MapReduce与paramiko如何打印标准输出流 [英] MapReduce with paramiko how to print stdout as it streams

查看:439
本文介绍了MapReduce与paramiko如何打印标准输出流的处理方法,对大家解决问题具有一定的参考价值,需要的朋友们下面随着小编来一起学习吧!

问题描述

我使用paramiko创建了一个小Python脚本,它允许我运行MapReduce作业,而无需使用PuTTY或cmd窗口来启动作业。这很好,除非在作业完成之前我无法看到stdout。我怎么能设置这个,以便我可以看到生成的每一行stdout,就像我可以通过cmd窗口一样?

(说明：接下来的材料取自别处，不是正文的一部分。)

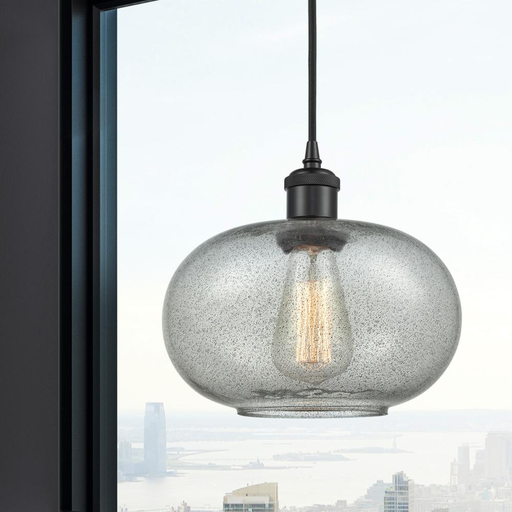 Charcoal Glass is a sparkling combination of Black and Grey "grit" particles infused together in a clear glass while hand blown for a mid-century look.
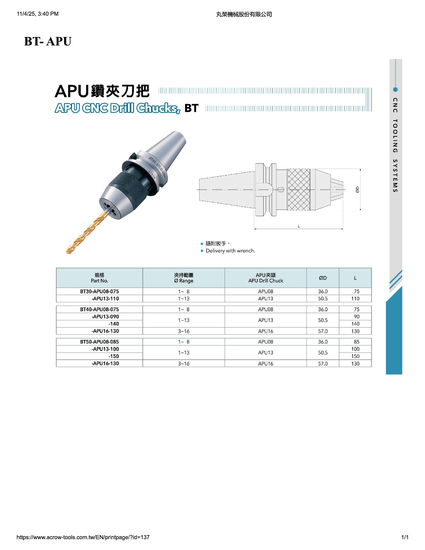 The Acrow BT50-APU13-150 is a long-reach APU13 integrated CNC drill chuck designed for applications requiring increased projection and deeper drilling access. Its 150 mm projection provides enhanced clearance over fixtures while maintaining rigidity, concentricity, and stability. Built from hardened alloy steel and precision-ground, this holder offers excellent gripping strength, low run-out, and reliable performance on BT50 spindle CNC machining centers.
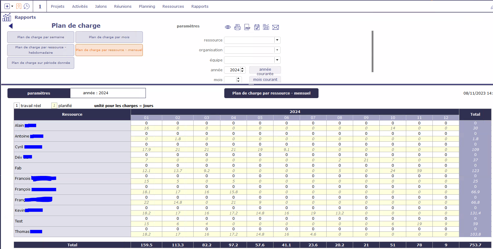 The resource François is used as an individual resource and in the Dev pool, as most of the resources. But in the workload report, it is duplicated cf screenshot. The workload itself is different. It would be nice to have the resource ID in a column to better understand what may happen. And then to be able to fusion them. Only one François is assigned to the project.
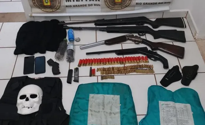 Os policiais encontraram e apreenderam quatro espingardas, duas placas balísticas, vários tipos de munição, dois carregadores de pistola, três coldres, uma máscara e dois celulares.
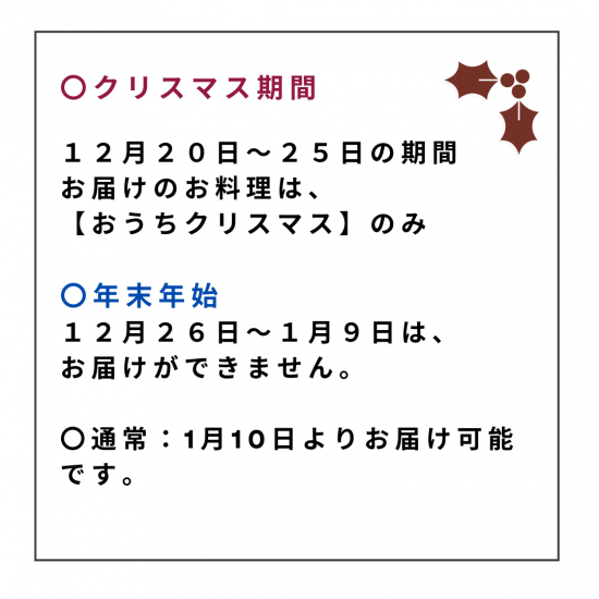 12月20日〜25日の期間はおうちクリスマスのみ>>>
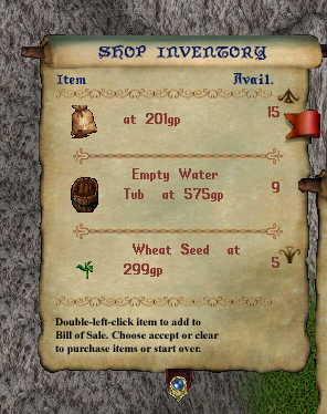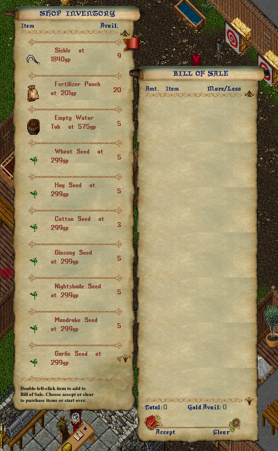 Vendor’a çift tıkladığınızda, ekebileceğiniz farklı türde tohumların listelendiği bir alış menüsü açılacaktır.

I have created a small Python script using paramiko that allows me to run MapReduce jobs without using PuTTY or cmd windows to initiate the jobs. This works great, except that I don't get to see stdout until the job completes. How can I set this up so that I can see each line of stdout as it is generated, just as I would be able to via cmd window?

以下是我的脚本:

Here is my script:

import paramiko

# Define connection info
host_ip = 'xx.xx.xx.xx'
user = 'xxxxxxxxx'
pw = 'xxxxxxxxx'

# Commands
list_dir = "ls /nfs_home/appers/cnielsen -l"
MR = "hadoop jar /opt/cloudera/parcels/CDH/lib/hadoop-0.20-mapreduce/contrib/streaming/hadoop-streaming.jar -files /nfs_home/appers/cnielsen/product_lookups.xml -file /nfs_home/appers/cnielsen/Mapper.py -file /nfs_home/appers/cnielsen/Reducer.py -mapper '/usr/lib/python_2.7.3/bin/python Mapper.py test1' -file /nfs_home/appers/cnielsen/Process.py -reducer '/usr/lib/python_2.7.3/bin/python Reducer.py' -input /nfs_home/appers/extracts/*/*.xml -output /user/loc/output/cnielsen/test51"
getmerge = "hadoop fs -getmerge /user/loc/output/cnielsen/test51 /nfs_home/appers/cnielsen/test_010716_0.txt"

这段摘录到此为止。